(Stored items)
====

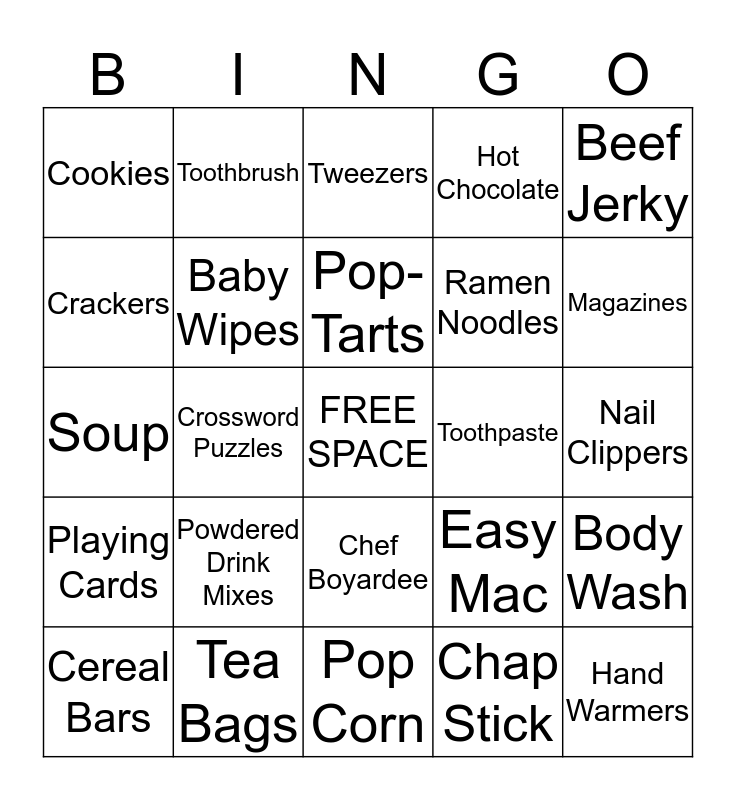 This bingo card has a free space and 24 words: Powdered Drink Mixes, Tea Bags, Pop-Tarts, Cereal Bars, Beef Jerky, Cookies, Crackers, Toothbrush, Toothpaste, Chef Boyardee, Ramen Noodles, Soup, Easy Mac, Body Wash, Baby Wipes, Chap Stick, Nail Clippers, Tweezers, Magazines, Crossword Puzzles, Hand Warmers, Playing Cards, Hot Chocolate and Pop Corn.
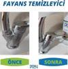 Fayans, Derz, Armatür, Duşa Kabin Temizleyici Banyo ve tuvalet fayans yüzeyindeki derz aralarında sudan kaynaklı kireçlenmeden dolayı ortaya çıkan sarılık ve siyahlıklar da etkin sonuç vermektedir. Uygulanan yüzeyde bekletilmeden direkt olarak uygulanır ve bol su ile durulanır.
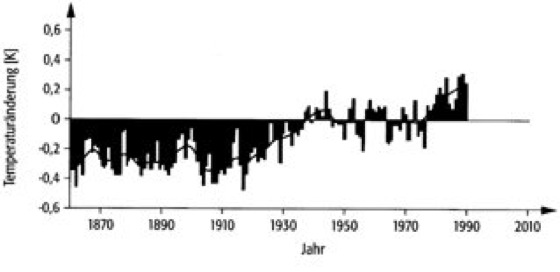 Anthropogene Einflüsse:Obgleich schon im alten China und während des Römischen Reiches durch landwirtschaftliche Aktivitäten wie Brandrodung und großflächige Waldabholzungen erhebliche menschliche Einflüsse auf die Atmosphäre ausgeübt wurden, blieben deren Auswirkungen doch im wesentlichen regional beschränkt. Erst seit Beginn der Industrialisierung während des 18. Jahrhunderts weiteten sich menschliche Einflüsse auf die Atmosphäre zunehmend auf globaler Ebene aus. Am Anfang standen dabei die Emissionen aufgrund der Stahlerzeugung und der Verbrennung von Kohle sowie der sich entwickelnden Landwirtschaft im Vordergrund. Hinzu kamen später vielfältige atmosphärische Schadstoffeinträge (Luftverschmutzung) aufgrund der Entwicklung der chemischen Industrie, des motorisierten Verkehrs sowie extensiver Landwirtschaft. Eine Besonderheit dieser anthropogenen Emissionen ist vor allem, daß die dadurch bedingten atmosphärischen Veränderungen in einer sehr viel kürzeren Zeitspanne erfolgten als dies von paläoklimatischen Schwankungen bekannt ist. Dies erschwert die Beurteilung möglicher Folgen, da atmosphärische Rückkopplungsprozesse mit verschiedenen Zeitkonstanten berücksichtigt werden müssen. Außerdem erfolgte vielfach die Emission von Substanzen, die keine natürlichen Quellen haben und deren Auswirkungen auf die Atmosphäre oftmals völlig unbekannt waren. Ein prominentes Beispiel hierfür ist die Emission von Fluorchlorkohlenwasserstoffen (FCKWs), die schließlich, weitab von ihren troposphärischen Quellen, zum Abbau der stratosphärischen Ozonschicht führten (Ozonloch). Der rasche Anstieg der anthropogen verursachten Emissionen von Kohlendioxid und Methan ist in der Abb. dargestellt ( ä vgl. Abb. ). Diese und weitere Emissionen führen zu einer zunehmenden Verstärkung des natürlichen Treibhauseffekts in der Atmosphäre. Als Folge davon ist mit einer Erwärmung der Atmosphäre zu rechnen, deren Ausmaß noch Gegenstand intensiver Forschungen ist, die jedoch vermutlich im Bereich von 1–5 °C in den nächsten 50–100 Jahren liegen dürfte. Anzeichen dafür sind bereits in der Entwicklung der mittleren atmosphärischen Temperaturen während der letzten 130 Jahre zu erkennen ( ä vgl. Abb. ). Weitere bedeutende Effekte, die auf die anthropogenen Emissionen zurückgehen, sind der troposphärische Smog (Winter-Smog durch Anreicherung von Schadstoffen, vor allem Stickoxiden, bei Inversions-Wetterlagen und Sommer-Smog durch photochemische Ozonproduktion in der unteren Troposphäre) und das stratosphärische Ozonloch, bei dem durch katalytische Ozonzerstörung der stratosphärische UV-Schutzschild zerstört wird. Aerobiologie, Atmosphärilien, Bezold (W. von), extraterrestrisches Leben, Feuchtigkeit, Gay-Lussac (J.L.), Humboldt (F.H.A. von), Klima, Klimaänderungen, Kohlenstoffkreislauf (Farbtafel), kosmische Strahlung, Luftverschmutzung, Meteorologie, Präkambrium, saurer Niederschlag, Schadstoffe, Stickstoffkreislauf (Farbtafel), Stoffkreisläufe, Strahlung, Transpiration, Verdunstung, Wasserkreislauf (Farbtafel), Wasserhaushalt (Farbtafel).
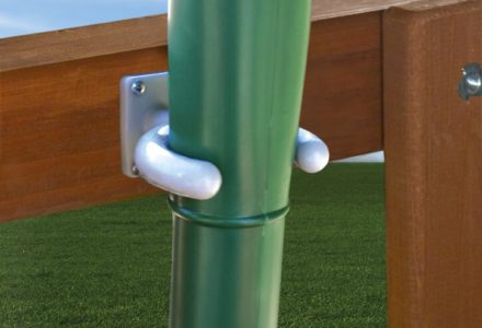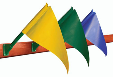Waving flags of fun! The flags are available in blue, green, or yellow, and all have a slightly glossy shine. Made from a thick canvas-like material, the flags have a protective texture on the back that adds extra strength in high winds. The flag is securely bound onto the flag pole, so that it fits tightly. Attaches to your swing set with 4 screws (included).
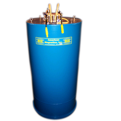 Bottom loading magnet systems are typically used when a small diameter (e.g., 8 inches or less), top-loading sample insert is to be used and the magnet is relatively large. The magnet is installed from the bottom of the dewar through a series of bolted flanges and installed on the bottom of liquid helium reservoir. This allows the dewar neck diameter to be small, thus minimizing the liquid helium consumption. Bottom loading systems can be used with solenoids, split coils, gradient coils, etc.
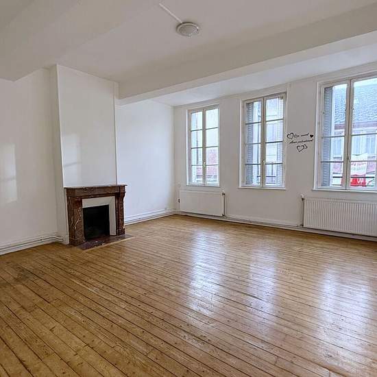 Appartement À Louer - LA FÈRE. Appartement sur 2 étages à louer dans un immeuble comprenant : une entrée, un salon/ séjour lumineux, une cuisine aménagée, un WC, une salle d'eau, 3 chambres.
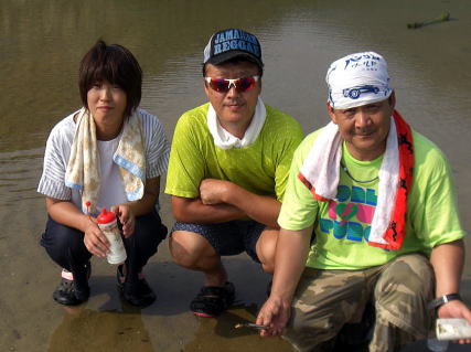人生4回目のマテ貝捕獲に3人で行ってきました。17:00干潮のため前回同様”いの”で待ち合わせ13:00にレストパークを出発!今回は,須崎の井上さんに教わったポイント(愛媛)で勝負の予定でしたがザコ師匠が「どうしてももう一度師匠と会いたい」との強い要望で急きょ有明ファミリーパークキャンプ場で勝負することとなりました。そして高速に乗り現場である有明ファミリーキャンプ場へ到着したのは14:30くらいでした。海を望むと師匠に教わったいつもの9番のポイントは,いつでも攻めることのできる状態だったので早速貝堀りを始めたものの二週間前と違いなかなか穴を発見することができません。気温は30℃ゆうに超え一同に疲れが見え始めたころ背中から聞き覚えのある声が・・・。「取れますか?」と師匠登場!待ってましたとばかりに一同「お久しぶりです本日もよろしくお願いします師匠!」といつものごとくバケツだけ持ってついて行き師匠が砂を掘り穴を見つけてくれ私達はそれに塩を入れ出てきたマテ貝を捕獲するというやり方で取れるは取れるは・・・。3人でも手が足りず”借りた猫の手も忙しい”とはこのようなことを言うのでしょう!あっという間にまたまた三桁を達成。私たちも同じところを掘っていたにもかかわらず不思議なことに師匠が掘ったところには,3回ほど掻いただけで必ず複数の穴が現れるのに対し私たちはといえば鍬を振り息が切れるだけで穴が出る確率は師匠の10%くらいでした。さすが師匠!そして16:00「私は帰るのであとは頑張りなさい。また9月になり涼しくなった頃来なさい!」と言い残しじょーれんを担ぎ砂浜を颯爽と後にしました。今回も師匠がいなかったらと思うと・・・。師匠ありがとうございました。 |

====

_Task to carry out_
Copy out all the records exactly as they read, and omit the pictures.

_Answer for the task_
 This bingo card has a free space and 24 words: Powdered Drink Mixes, Tea Bags, Pop-Tarts, Cereal Bars, Beef Jerky, Cookies, Crackers, Toothbrush, Toothpaste, Chef Boyardee, Ramen Noodles, Soup, Easy Mac, Body Wash, Baby Wipes, Chap Stick, Nail Clippers, Tweezers, Magazines, Crossword Puzzles, Hand Warmers, Playing Cards, Hot Chocolate and Pop Corn.
 Fayans, Derz, Armatür, Duşa Kabin Temizleyici Banyo ve tuvalet fayans yüzeyindeki derz aralarında sudan kaynaklı kireçlenmeden dolayı ortaya çıkan sarılık ve siyahlıklar da etkin sonuç vermektedir. Uygulanan yüzeyde bekletilmeden direkt olarak uygulanır ve bol su ile durulanır.
 Anthropogene Einflüsse:Obgleich schon im alten China und während des Römischen Reiches durch landwirtschaftliche Aktivitäten wie Brandrodung und großflächige Waldabholzungen erhebliche menschliche Einflüsse auf die Atmosphäre ausgeübt wurden, blieben deren Auswirkungen doch im wesentlichen regional beschränkt. Erst seit Beginn der Industrialisierung während des 18. Jahrhunderts weiteten sich menschliche Einflüsse auf die Atmosphäre zunehmend auf globaler Ebene aus. Am Anfang standen dabei die Emissionen aufgrund der Stahlerzeugung und der Verbrennung von Kohle sowie der sich entwickelnden Landwirtschaft im Vordergrund. Hinzu kamen später vielfältige atmosphärische Schadstoffeinträge (Luftverschmutzung) aufgrund der Entwicklung der chemischen Industrie, des motorisierten Verkehrs sowie extensiver Landwirtschaft. Eine Besonderheit dieser anthropogenen Emissionen ist vor allem, daß die dadurch bedingten atmosphärischen Veränderungen in einer sehr viel kürzeren Zeitspanne erfolgten als dies von paläoklimatischen Schwankungen bekannt ist. Dies erschwert die Beurteilung möglicher Folgen, da atmosphärische Rückkopplungsprozesse mit verschiedenen Zeitkonstanten berücksichtigt werden müssen. Außerdem erfolgte vielfach die Emission von Substanzen, die keine natürlichen Quellen haben und deren Auswirkungen auf die Atmosphäre oftmals völlig unbekannt waren. Ein prominentes Beispiel hierfür ist die Emission von Fluorchlorkohlenwasserstoffen (FCKWs), die schließlich, weitab von ihren troposphärischen Quellen, zum Abbau der stratosphärischen Ozonschicht führten (Ozonloch). Der rasche Anstieg der anthropogen verursachten Emissionen von Kohlendioxid und Methan ist in der Abb. dargestellt ( ä vgl. Abb. ). Diese und weitere Emissionen führen zu einer zunehmenden Verstärkung des natürlichen Treibhauseffekts in der Atmosphäre. Als Folge davon ist mit einer Erwärmung der Atmosphäre zu rechnen, deren Ausmaß noch Gegenstand intensiver Forschungen ist, die jedoch vermutlich im Bereich von 1–5 °C in den nächsten 50–100 Jahren liegen dürfte. Anzeichen dafür sind bereits in der Entwicklung der mittleren atmosphärischen Temperaturen während der letzten 130 Jahre zu erkennen ( ä vgl. Abb. ). Weitere bedeutende Effekte, die auf die anthropogenen Emissionen zurückgehen, sind der troposphärische Smog (Winter-Smog durch Anreicherung von Schadstoffen, vor allem Stickoxiden, bei Inversions-Wetterlagen und Sommer-Smog durch photochemische Ozonproduktion in der unteren Troposphäre) und das stratosphärische Ozonloch, bei dem durch katalytische Ozonzerstörung der stratosphärische UV-Schutzschild zerstört wird. Aerobiologie, Atmosphärilien, Bezold (W. von), extraterrestrisches Leben, Feuchtigkeit, Gay-Lussac (J.L.), Humboldt (F.H.A. von), Klima, Klimaänderungen, Kohlenstoffkreislauf (Farbtafel), kosmische Strahlung, Luftverschmutzung, Meteorologie, Präkambrium, saurer Niederschlag, Schadstoffe, Stickstoffkreislauf (Farbtafel), Stoffkreisläufe, Strahlung, Transpiration, Verdunstung, Wasserkreislauf (Farbtafel), Wasserhaushalt (Farbtafel).
Waving flags of fun! The flags are available in blue, green, or yellow, and all have a slightly glossy shine. Made from a thick canvas-like material, the flags have a protective texture on the back that adds extra strength in high winds. The flag is securely bound onto the flag pole, so that it fits tightly. Attaches to your swing set with 4 screws (included).
 Bottom loading magnet systems are typically used when a small diameter (e.g., 8 inches or less), top-loading sample insert is to be used and the magnet is relatively large. The magnet is installed from the bottom of the dewar through a series of bolted flanges and installed on the bottom of liquid helium reservoir. This allows the dewar neck diameter to be small, thus minimizing the liquid helium consumption. Bottom loading systems can be used with solenoids, split coils, gradient coils, etc.
 Appartement À Louer - LA FÈRE. Appartement sur 2 étages à louer dans un immeuble comprenant : une entrée, un salon/ séjour lumineux, une cuisine aménagée, un WC, une salle d'eau, 3 chambres.
人生4回目のマテ貝捕獲に3人で行ってきました。17:00干潮のため前回同様”いの”で待ち合わせ13:00にレストパークを出発!今回は,須崎の井上さんに教わったポイント(愛媛)で勝負の予定でしたがザコ師匠が「どうしてももう一度師匠と会いたい」との強い要望で急きょ有明ファミリーパークキャンプ場で勝負することとなりました。そして高速に乗り現場である有明ファミリーキャンプ場へ到着したのは14:30くらいでした。海を望むと師匠に教わったいつもの9番のポイントは,いつでも攻めることのできる状態だったので早速貝堀りを始めたものの二週間前と違いなかなか穴を発見することができません。気温は30℃ゆうに超え一同に疲れが見え始めたころ背中から聞き覚えのある声が・・・。「取れますか?」と師匠登場!待ってましたとばかりに一同「お久しぶりです本日もよろしくお願いします師匠!」といつものごとくバケツだけ持ってついて行き師匠が砂を掘り穴を見つけてくれ私達はそれに塩を入れ出てきたマテ貝を捕獲するというやり方で取れるは取れるは・・・。3人でも手が足りず”借りた猫の手も忙しい”とはこのようなことを言うのでしょう!あっという間にまたまた三桁を達成。私たちも同じところを掘っていたにもかかわらず不思議なことに師匠が掘ったところには,3回ほど掻いただけで必ず複数の穴が現れるのに対し私たちはといえば鍬を振り息が切れるだけで穴が出る確率は師匠の10%くらいでした。さすが師匠!そして16:00「私は帰るのであとは頑張りなさい。また9月になり涼しくなった頃来なさい!」と言い残しじょーれんを担ぎ砂浜を颯爽と後にしました。今回も師匠がいなかったらと思うと・・・。師匠ありがとうございました。 |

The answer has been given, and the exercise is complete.